# Van hire



## Guest (Feb 12, 2013)

Hi All!

Anyone knows if it is possible to hire a Van in Cyprus? We have a pallet coming to Limassol one week after we arrive and they want 200 euro just for the transport to the Paphos area.


Links?


Anders


----------



## PeteandSylv (Sep 24, 2008)

You certainly can hire vans here. While waiting at traffic lights yesterday I saw a banner advertising van hire including refrigerated. If I see it or any others I'll get the number for you. 

I would expect some car hire companies to offer vans too. There's always a market for this when crashed vans are off the road for repair.

Pete


----------



## Guest (Feb 12, 2013)

PeteandSylv said:


> You certainly can hire vans here. While waiting at traffic lights yesterday I saw a banner advertising van hire including refrigerated. If I see it or any others I'll get the number for you.
> 
> I would expect some car hire companies to offer vans too. There's always a market for this when crashed vans are off the road for repair.
> 
> Pete


Ok, Thanks!

I only found one online but they had many. Price was high though. I will surf on.

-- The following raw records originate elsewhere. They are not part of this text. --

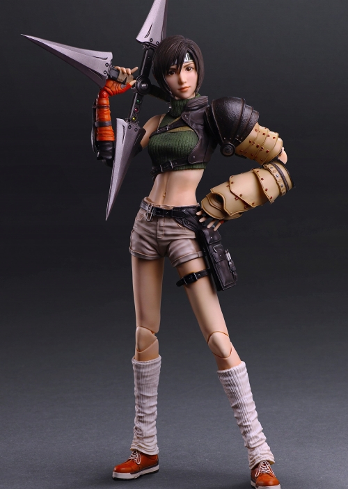 スクウェアエニックスの可動フィギュアシリーズ「PLAY ARTS改」から、『FINAL FANTASY VII REBIRTH』版のユフィ・キサラギがバージョン2でラインナップです!ウータイの特殊技能集団「シノビ」の一人、ユフィ・キサラギを新たな姿に。額の鉢巻、緑のセーター、左肩のアーマーなど、オリジナルのFF7でもおなじみの姿が、より繊細に、リアリティにこだわって表現されました。また、新造形となるフェイスパーツは、通常顔と、迫力あるバトル顔の2種が用意され、付属する各種交換手と、巨大な手裏剣がついて、原作の様々なシーンが再現可能です。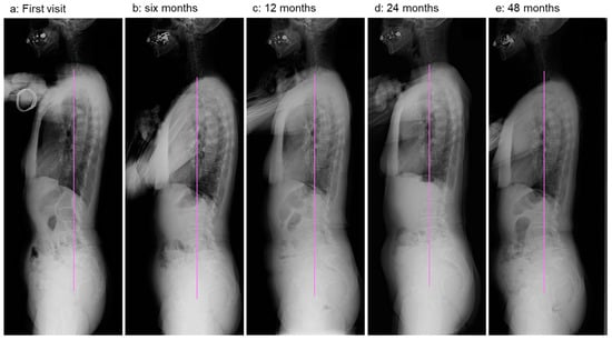 Standing lateral whole-spine radiographs at first visit (a), 6 months (b), 12 months (c), 24 months (d), and 48 months (e). Straight vertical line indicates C7PL.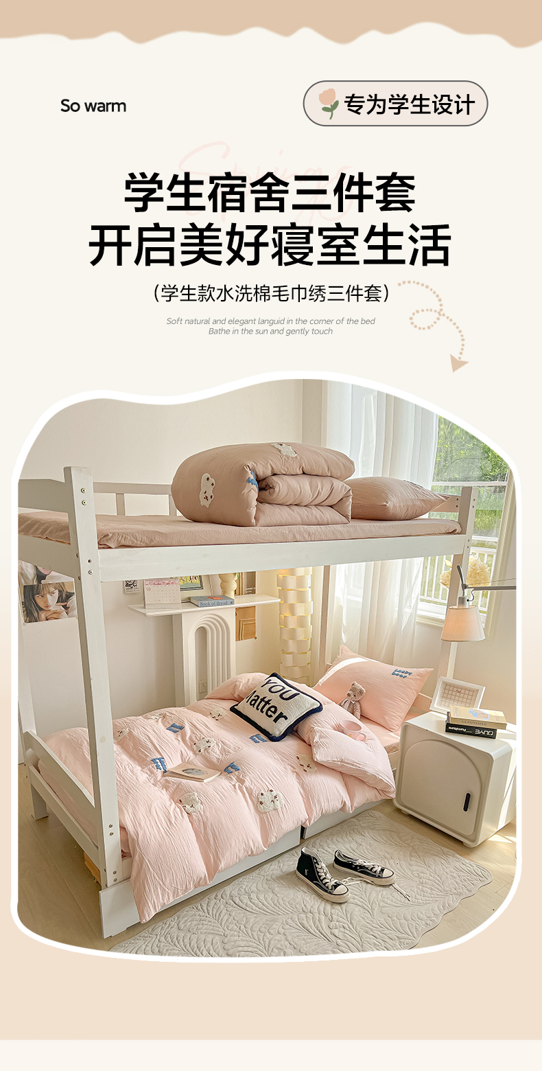 (总)韩巢家纺 2024新款学生宿舍寝室上下铺超柔水洗棉毛巾绣单件被套-小白熊(提供卖家秀)
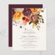 Budget Autumn Warm Rustic Plum Orange Floral Wedding Invitations features a gorgeous bouquet of flowers in plum, orange, terracotta, yellow and green on an off white background. Below is your personalized wedding information. Simply personalize by editing the text in the text boxes provided. Designed for you by ©Evco Studio www.zazzle.com/store/evcostudio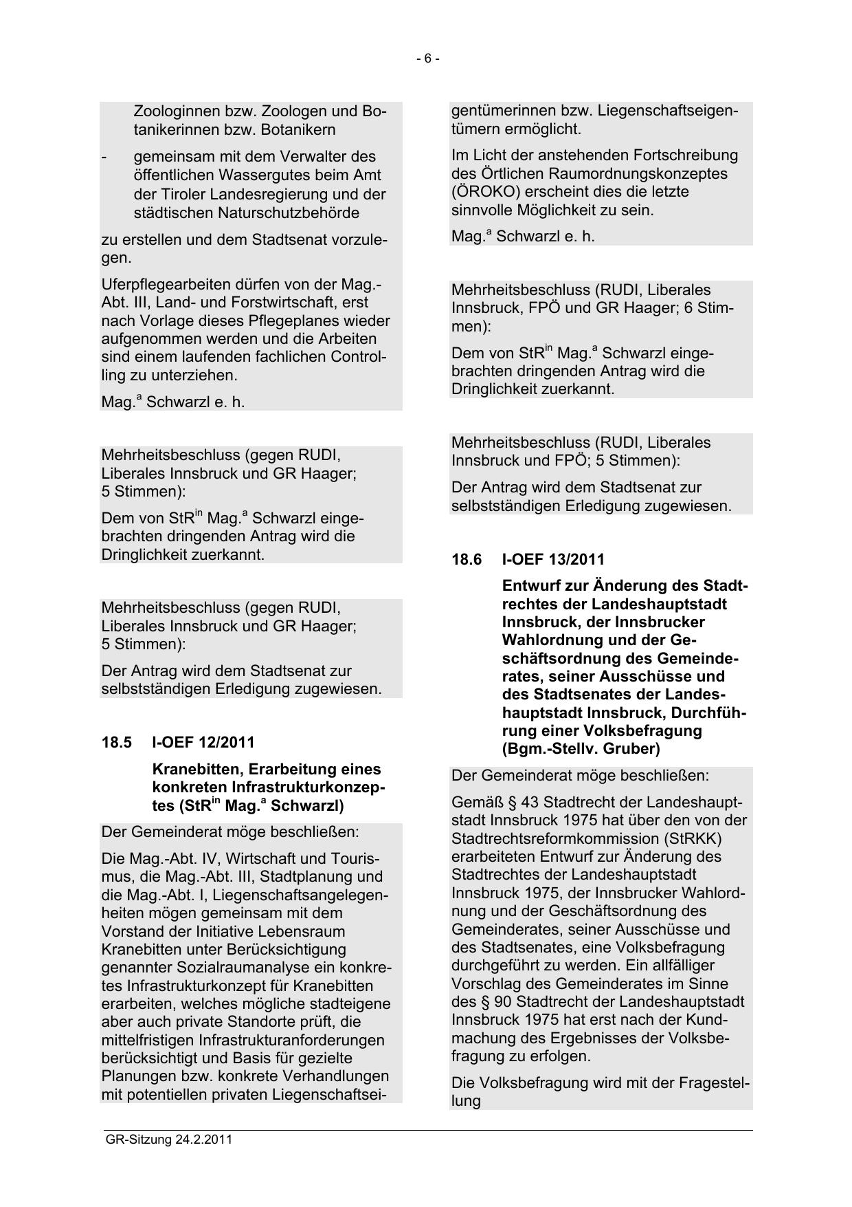 Innsbruck, FPÖ und GR Haager; 6 Stimmen):
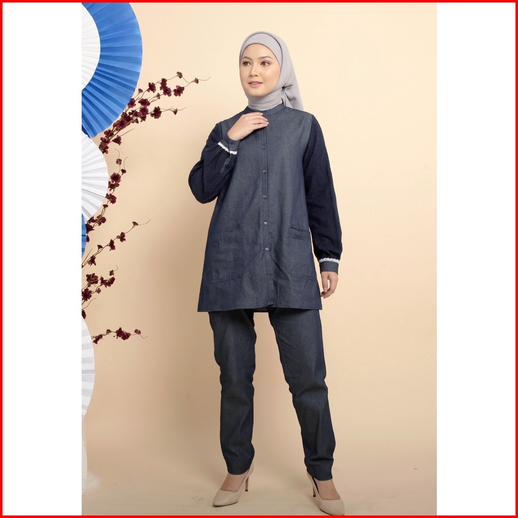 Zoya Anchi Tunik - Atasan Polos Wanita Wudhu Busui Friendly - Bahan Denim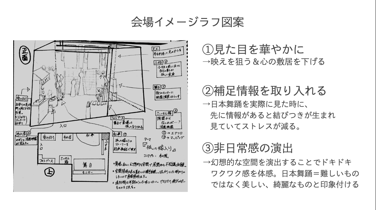 月に2回日本舞踊を習いに行っている中で、曲や踊りの中にあるストーリーの奥深さ・おもしろさを知りました。ご指導いただいている先生から「日舞の面白さを若い人に知ってもらうためにはどうしたらいいだろう?」と相談されたことをきっかけにこの展示会を企画しました。
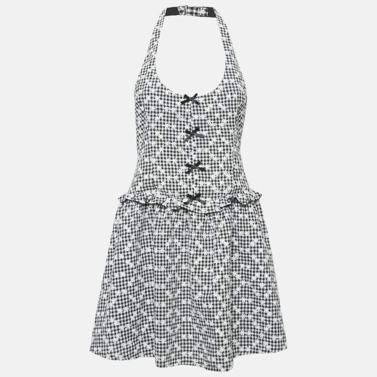 Pre Owned For Love & Lemons Monogram Floral Embroidered Checks Mini Dress M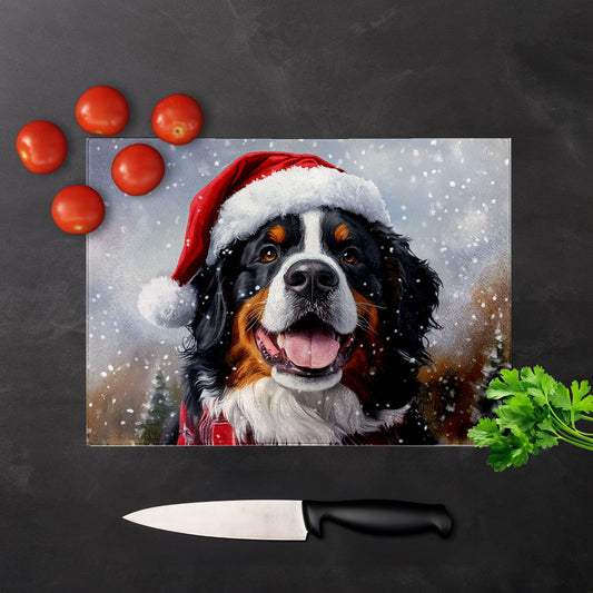 Christmas Bernese Mountain Dog Glass Chopping Board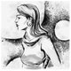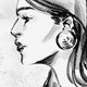 融合水墨画的流畅优雅与时尚插画的精致细腻,这幅黑白画作呈现出一位女孩的半身侧影,背景衬托着柔和的圆形白色光影。粗犷的笔触与细腻的线条相互交融,营造出神秘而宁静的氛围。
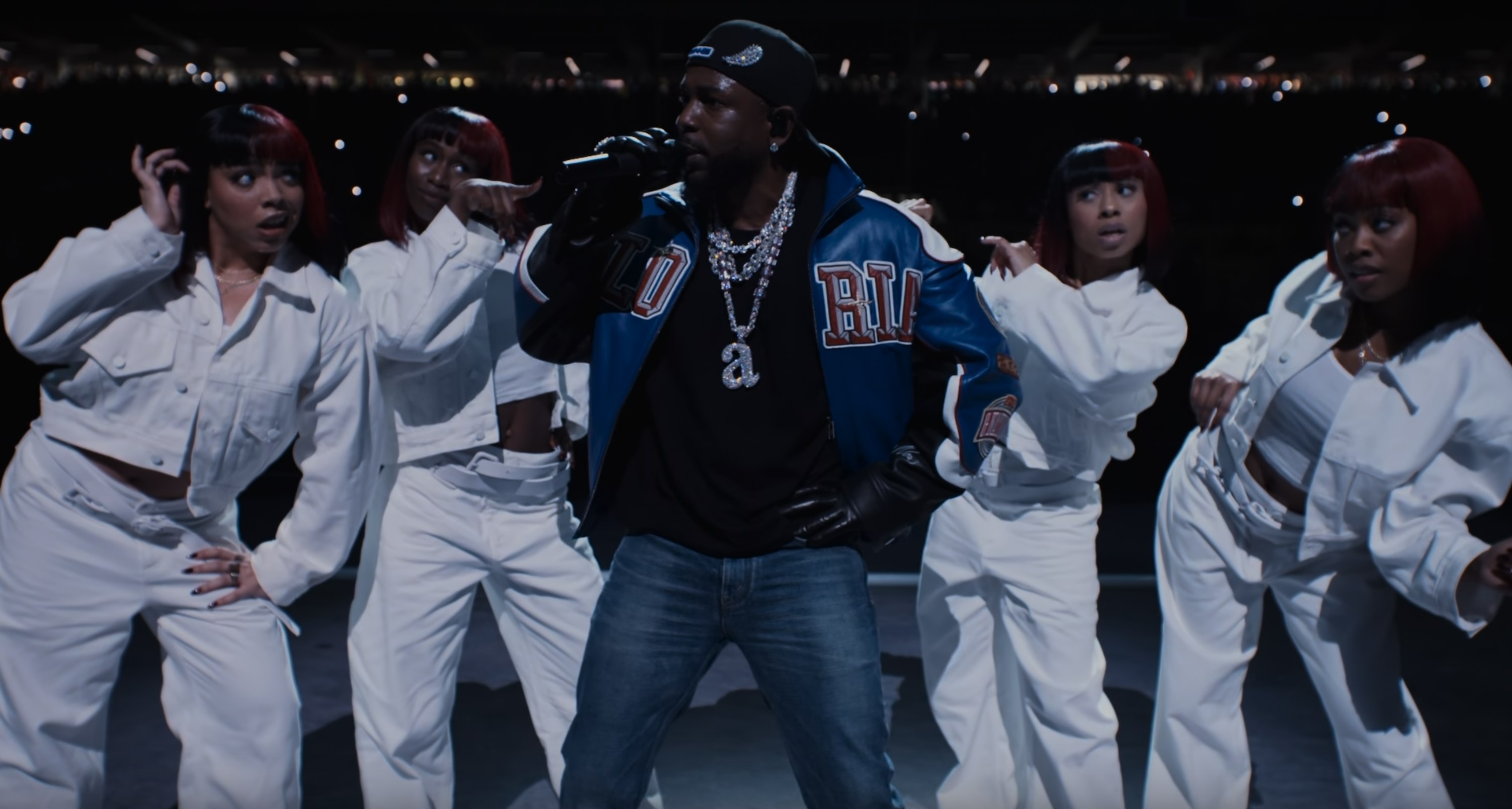 “This is the great American game,” Jackson said, as the cameras panned to the stage, which appeared as a giant tic-tac-toe board. After “Uncle Sam” introduced the performance, a spotlight illuminated the Compton-born rapper sitting on the hood of a Buick Grand National GNX, a nod to his latest album, GNX. Another reference to the album could be seen on a patch sewed onto Lamar’s jacket, which read Gloria, as he kicked off the set with an unreleased track fans know as “Bodies” before going into his latest hit, “Squabble Up.”

I have not found any normal car rental with these kind of cars

Anders


----------



## PeteandSylv (Sep 24, 2008)

Vegaanders said:


> Ok, Thanks!
> 
> I only found one online but they had many. Price was high though. I will surf on.
> 
> ...


I think you will find van rental much higher than car rental anywhere. Its the implication that they are for commercial use. In Cyprus car hire insurance is a government scheme which may not apply to vans. This will also raise costs.

Good luck searching.

Pete


----------



## Pam n Dave (Jun 11, 2007)

Is that from Limassol docks??


----------



## Guest (Feb 13, 2013)

Pam n Dave said:


> Is that from Limassol docks??


Yes the pallet comes with Salamis Lines

Anders


----------



## Pam n Dave (Jun 11, 2007)

You should be able hire a double cabin for around 65 euro per day and the availability may be better in Limassol. I suspect that you may need to de-pallet the items though.


----------



## kmas100 (Dec 21, 2012)

Hi anders,

Just saw this ad...

High Top, long wheel base transit van available for moving goods anywhere in Cyprus at reasonable rates. Front and side loading. Located in Limassol but can work anywhere in Cyprus. Call for a no obligation quote. Call Jim on 99225240.


regards
Karolos


----------



## Guest (Feb 17, 2013)

kmas100 said:


> Hi anders,
> 
> Just saw this ad...
> 
> ...


Thank you very much!

I have also got another phone to call. I seems that my 2m x 1m x 1m pallet will be able to get from harbor


Anders


----------